Endowment Enhancements

The Duke Endowment has awarded more than $20 million to the university to support a number of priorities, including an expansion of the School of Nursing and its programs, the growth of interdisciplinary science initiatives, and improvements to Perkins Library.

The gifts, which came in December, were counted toward the Campaign for Duke, which concluded December 31 with a total of $2.36 billion, the fifth-largest campaign in American higher-education history and the largest for a university in the South. The Charlotte-based Endowment's support of the campaign totaled more than $300 million.

The Duke Endowment's latest contribution includes $1 million for the School of Nursing, with a plan to provide an additional $2 million by 2005. The money will be used to support a new building adjacent to the Duke Clinic on Trent Drive, behind the nursing school's current facilities.

Duke's board of trustees approved the scope of the new building in February 2003. The School of Nursing has grown dramatically since the early 1990s, from five faculty members then to thirty-eight today, with the student population growing at a similarly rapid pace. The school added an accelerated bachelor's program in 2002 and has extended its reach through distance education.

On the Medical Center side, Duke received more than $7 million, in eighteen separate allocations, from the Endowment last year. In addition to the nursing-school gift, funded programs included the Albert Eye Research Institute, which was awarded $1 million, and a patient-safety initiative, which was awarded $696,000.

The Endowment also awarded $6 million for an undergraduate science initiative, bringing the Endowment's total support for this effort to $13 million. The science initiative, with the French Sciences Center at the core, will allow Duke to promote close interaction among the disciplines of biology, chemistry, physics, biological anthropology and anatomy, mathematics, and the computational sciences. It will also create new opportunities for teaching and research in the interdisciplinary fields that are emerging throughout the natural sciences, such as genomics, nanoscience, chemical biology, and evolutionary and developmental biology.

The French Sciences Center, whose design was approved by trustees in December, is a $115-million facility expected to be completed in 2006. Strengthening the sciences and engineering, as well as promoting interdisciplinary programs, are among the priorities of "Building on Excellence," Duke's strategic plan.

Another $6-million gift, to Perkins Library, will support the creation of the new Information Commons, a centralized public-service area. The Information Commons area will serve as the hub of activity at the library. The addition of an Information Commons is part of a $55-million project to renovate the existing library space and add adjacent to Perkins a new building, the Bostock Library. Construction is under way and is being done in phases so the library can remain open.

The Endowment will provide $1 million to support the Center for Genome Ethics, Law, and Policy (GELP). That gift will be used toward programming and endowment.

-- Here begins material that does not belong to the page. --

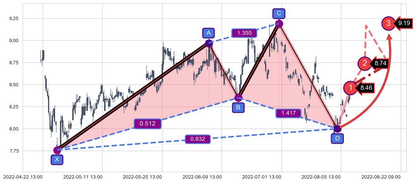 ➣ D点拟合预测价格8.94,距离最后交易收盘价格8.49相差 +5.32%
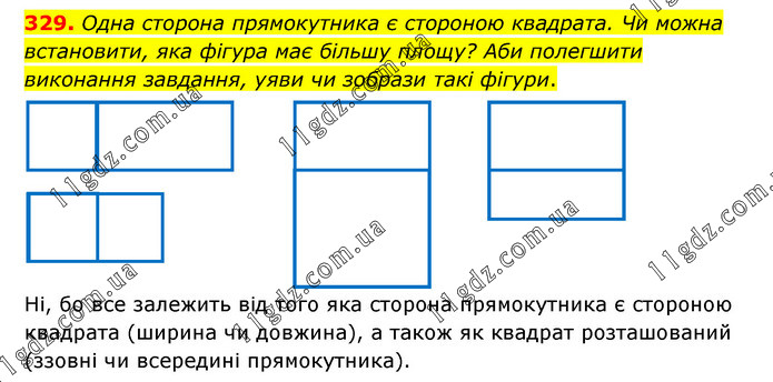 Одна сторона прямокутника є стороною квадрата. Чи можна встановити, яка фігура має більшу площу? Аби полегшити виконання завдання, уяви чи зобрази такі фігури. Ні, бо все залежить від того яка сторона прямокутника є стороною квадрата (ширина чи довжина), а також як квадрат розташований (ззовні чи всередині прямокутника).

This is the Endowment's fourth such grant to GELP.

The Endowment gift also includes $500,000 for the Duke-Durham Neighborhood Partnership. Over the past six years, the Endowment has given the neighborhood partnership more than $3 million to support nonprofit organizations and other community organizations addressing needs identified by partner neighborhoods. The current contribution will support affordable-housing initiatives, youth programming, and nonprofits in the West End and Walltown neighborhoods. It will also support the Duke Law School's Community Economic Development Clinic to provide legal services to nonprofits in Southwest Central Durham.

An additional $200,000 will encourage collaboration among the four libraries of schools supported by the Endowment: Furman and Johnson C. Smith universities, Davidson College and Duke.

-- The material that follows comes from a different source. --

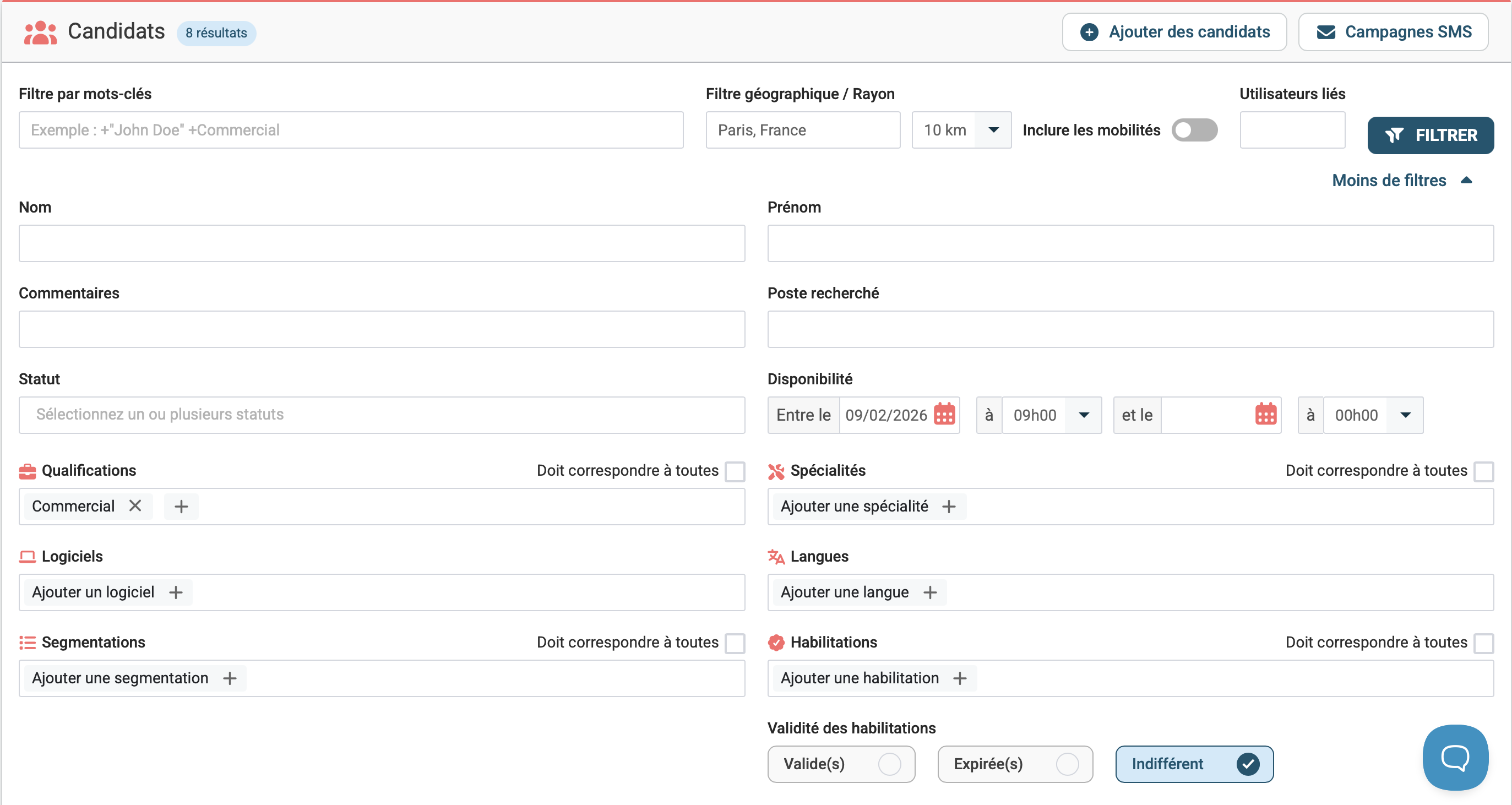 Avant l’envoi d’une campagne SMS, vous pouvez cibler précisément les destinataires grâce à l’onglet Filtrer 🔎 De nombreux critères sont disponibles afin d’affiner votre sélection : prénom, poste, statut, disponibilité, qualifications, logiciels ou encore informations plus spécifiques comme des mots-clés ou certains éléments du profil candidat 📊.

Finally, $10,000 will be awarded to commemorate the legacy of President William Preston Few, who was president of Trinity College from 1910 to 1924 and president of Duke University from 1924 to 1940. Few's accomplishments included overseeing the transformation of Trinity College into Duke University, as well as supporting the creation of The Duke Endowment. The $10,000 gift is meant to inspire the Duke community to remember Few with the creation and installation of a physical likeness of Few in the Allen Building.

At an early-February "Campaign Celebration" with officials of The Duke Endowment, President Nannerl O. Keohane said, "During my tenure at Duke, we have presented The Duke Endowment with projects of the utmost intellectual, medical, pastoral, and educational importance to the university. Over and over you became a strategic investor, a partner who understood our vision, often in the early days of a new project when to the outside world it looked inchoate, daring, and risky. But you, of course, are not outsiders: We've been in this together since 1924."

"Though the realm of The Duke Endowment is nominally confined to the Carolinas, the impact of The Duke Endowment is worldwide," Keohane added. "Wherever the university has an outpost, a collaboration, an alumnus, there your influence is felt. When our faculty experts are called upon to predict an earthquake in Taiwan, tap geothermal energy in Africa, testify in Washington, or organize a clinic in India, The Duke Endowment, its values and message, are there as well."

The Duke Endowment was started in 1924 by industrialist, philanthropist, and Duke University founder James B. Duke. Today, it is one of the nation's largest foundations.